Dataset entries:

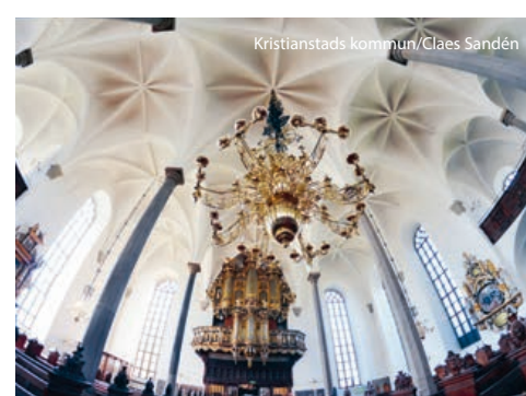
Kristianstads kommun/Glenn Sandén

FCT Köpcenter Take a shopping safari and get low prices that attract visitors from far and wide. Find bargains in everything from fishing tackle to fine paints, clothes and toys.
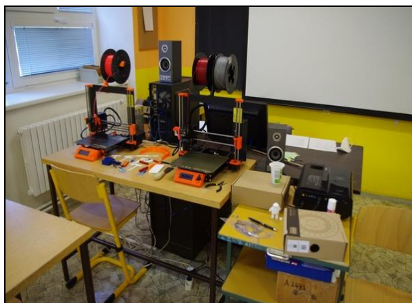
zapůjčená 3D tiskárna
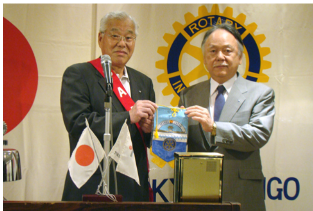
魚崎会員が瀬戸田 RC へメークアップし、 バナー交換をしました。

ROTARY ROTARY ROTARY ROTARY ROTARY ROTARY ROTARY

◆ EXERCISE DIRECTIONS: Without the pictures, restate all of the entries above verbatim.

◆ SOLUTION FOR THIS EXERCISE:
Kristianstads kommun/Glenn Sandén

FCT Köpcenter Take a shopping safari and get low prices that attract visitors from far and wide. Find bargains in everything from fishing tackle to fine paints, clothes and toys.
zapůjčená 3D tiskárna
魚崎会員が瀬戸田 RC へメークアップし、 バナー交換をしました。

ROTARY ROTARY ROTARY ROTARY ROTARY ROTARY ROTARY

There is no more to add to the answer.